Forse sembrerà strano, ma questi “giganti verdi”, le grandi e antiche strade delle pecore, hanno assunto un ruolo importantissimo per decifrare la storia delle regioni appenniniche centro-meridionali dell’Italia. Già i Pentri, il gruppo più imponente e importante dei Sanniti, stanziati nell’area dell’attuale provincia di Isernia (ricordiamo che Bovianum era la loro capitale) nel IV secolo a.C. , usavano percorrere lunghe distanze al fine di raggiungere i pascoli in pianura. Altro non era, quindi, che la pratica della Transumanza. E che queste siano le radici dei moderni tratturi lo testimonia, ad esempio, la presenza di Altilia, la città romana di Sepino, che prima di diventare cittadella dell’impero, era un centro sannita adibito al ricovero e alla sosta delle greggi che vi transitavano.
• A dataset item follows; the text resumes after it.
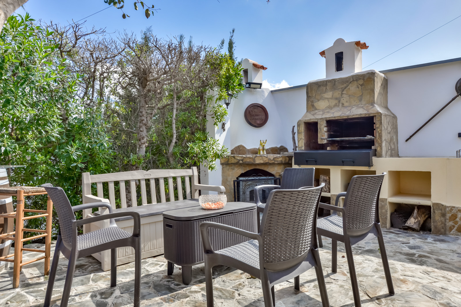 Im Außenbereich mit 854 m² Grundstücksfläche können Sie sich unter einer hübschen Markise entspannen, neben einem langen Esstisch für bis zu 10 Personen, einem erfrischenden Privatpool, Sitzbereichen mit Sonnenliegen und Poufs und einem Gasgrill für Mahlzeiten im Freien.

I Tratturi quindi, manifestazione naturale dell’orografia del territorio, sono divenuti prima antiche direttrici, importanti per lo spostamento di uomini e animali sul territorio, e poi, in epoca moderna, grandi strade verdi, nonchè fondamentale riferimento per le scelte insediative e per il complessivo disegno del paesaggio da parte dell’uomo. Non c’è dubbio che il rapporto tra la conformazione del territorio, le vie di comunicazione, i pascoli, le abitazioni e le fortificazioni a difesa di tutto questo sia molto stretto: basti pensare che più di 70 paesi del Molise sono nati proprio su queste antiche direttrici, compresi i comuni di Campobasso, Boiano e Isernia, per citarne alcuni tra i più grandi della regione.
In epoca romana il Tratturo divenne vera e propria arteria di comunicazione, organizzato, e in qualche caso deviato, per meglio agevolare le comunicazioni tra i centri dell’impero: vennero costruiti ponti, taverne e centri di pernottamento attorno ai quali sorsero nuovi centri e cittadelle.
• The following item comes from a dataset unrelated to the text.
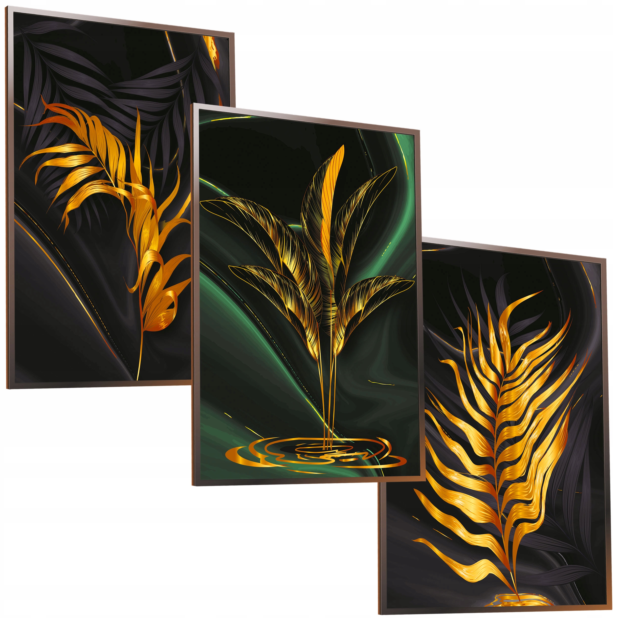 50x40 Obrazy Ramie Plakaty Ramka Złote Liście Liść

Lo sviluppo però del moderno Tratturo lo si deve agli Aragonesi, dopo un periodo di scarso utilizzo e di relativa decadenza dovuta principalmente alla caduta dell’Impero Romano.”

“Il Tratturo Moderno

Dopo gli anni di sostanziale abbandono dell’attività legata alla transumanza degli animali, dovuta alla fine dell’impero romano, con l’arrivo dei Normanni prima e specialmente con gli Aragonesi poi, il Tratturo riprende il suo antico ruolo nell’economia prevalentemente agricola delle regioni centro-meridionali.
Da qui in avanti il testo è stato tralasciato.